Dense block

Densely Connected Networks (DenseNet)

DenseNet concatenates features

DenseNet (Huang et al., 2017) takes the residual idea one step further: instead of adding skip connections, concatenate them.

\mathbf{x}_\ell = f_\ell\bigl([\mathbf{x}_0, \mathbf{x}_1, \dots, \mathbf{x}_{\ell-1}]\bigr).

Every layer in a dense block sees the concatenation of all preceding outputs.

Dense block + transition

Dense block grows channels by concatenation; transition layers (1×1 conv + pool) reset channels between blocks.

Pros: maximum feature reuse, fewer parameters than ResNet for similar accuracy. Cons: memory grows linearly with depth within a block — handled by transitions.

Conv block

A small conv block (BN → ReLU → 3×3 conv) is the unit; a DenseBlock will reuse it repeatedly.

from d2l import torch as d2l
import torch
from torch import nn

def conv_block(num_channels):
    return nn.Sequential(
        nn.LazyBatchNorm2d(), nn.ReLU(),
        nn.LazyConv2d(num_channels, kernel_size=3, padding=1))

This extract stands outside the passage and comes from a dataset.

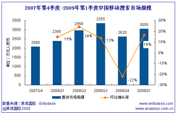 2009年第1季中國移動搜索市場收入達(dá)3050萬,環(huán)比增長16%

Now stack the conv blocks. After each block, concatenate its new features onto the running input, so later blocks see everything computed so far.

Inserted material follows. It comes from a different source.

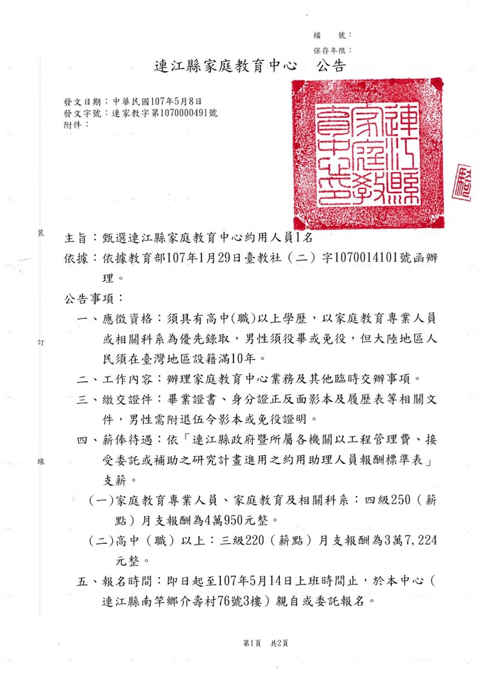 連江縣家庭教育中心甄選約用人員1名

class DenseBlock(nn.Module):
    def __init__(self, num_convs, num_channels):
        super(DenseBlock, self).__init__()
        layer = []
        for i in range(num_convs):
            layer.append(conv_block(num_channels))
        self.net = nn.Sequential(*layer)

    def forward(self, X):
        for blk in self.net:
            Y = blk(X)
            # Concatenate input and output of each block along the channels
            X = torch.cat((X, Y), dim=1)
        return X

Channel growth

A DenseBlock(num_convs=2, num_channels=10) on a 3-channel input grows channels by num_convs * num_channels per block:

blk = DenseBlock(2, 10)
X = torch.randn(4, 3, 8, 8)
Y = blk(X)
Y.shape

torch.Size([4, 23, 8, 8])

Transition layer

Stops the channel explosion between dense blocks: 1×1 conv halves channels, 2×2 avg-pool halves spatial dims:

def transition_block(num_channels):
    return nn.Sequential(
        nn.LazyBatchNorm2d(), nn.ReLU(),
        nn.LazyConv2d(num_channels, kernel_size=1),
        nn.AvgPool2d(kernel_size=2, stride=2))

blk = transition_block(10)
blk(Y).shape

torch.Size([4, 10, 4, 4])

The DenseNet model

A standard “stem → dense block → transition → dense block → transition → … → global avg-pool → linear” pipeline:

class DenseNet(d2l.Classifier):
    def b1(self):
        return nn.Sequential(
            nn.LazyConv2d(64, kernel_size=7, stride=2, padding=3),
            nn.LazyBatchNorm2d(), nn.ReLU(),
            nn.MaxPool2d(kernel_size=3, stride=2, padding=1))

def __init__(self, num_channels=64, growth_rate=32, arch=(4, 4, 4, 4),
             lr=0.1, num_classes=10):
    super(DenseNet, self).__init__()
    self.save_hyperparameters()
    self.net = nn.Sequential(self.b1())
    for i, num_convs in enumerate(arch):
        self.net.add_module(f'dense_blk{i+1}', DenseBlock(num_convs,
                                                          growth_rate))
        # The number of output channels in the previous dense block
        num_channels += num_convs * growth_rate
        # A transition layer that halves the number of channels is added
        # between the dense blocks
        if i != len(arch) - 1:
            num_channels //= 2
            self.net.add_module(f'tran_blk{i+1}', transition_block(
                num_channels))
    self.net.add_module('last', nn.Sequential(
        nn.LazyBatchNorm2d(), nn.ReLU(),
        nn.AdaptiveAvgPool2d((1, 1)), nn.Flatten(),
        nn.LazyLinear(num_classes)))
    self.net.apply(d2l.init_cnn)

Training

model = DenseNet(lr=0.01)
trainer = d2l.Trainer(max_epochs=10, num_gpus=1)
data = d2l.FashionMNIST(batch_size=128, resize=(96, 96))
trainer.fit(model, data)

DenseNet hits competitive ImageNet accuracy with far fewer parameters than equivalent ResNets — the concatenation reuse genuinely helps.

Recap

ResNet adds skip connections; DenseNet concatenates them.
Inside a dense block, layer \ell sees all of layers 0, …, \ell-1 — maximum feature reuse.
Transition layers between dense blocks rein in the channel-count explosion via 1×1 conv + pool.
Same parameter count → typically better accuracy than ResNet; same accuracy → fewer parameters.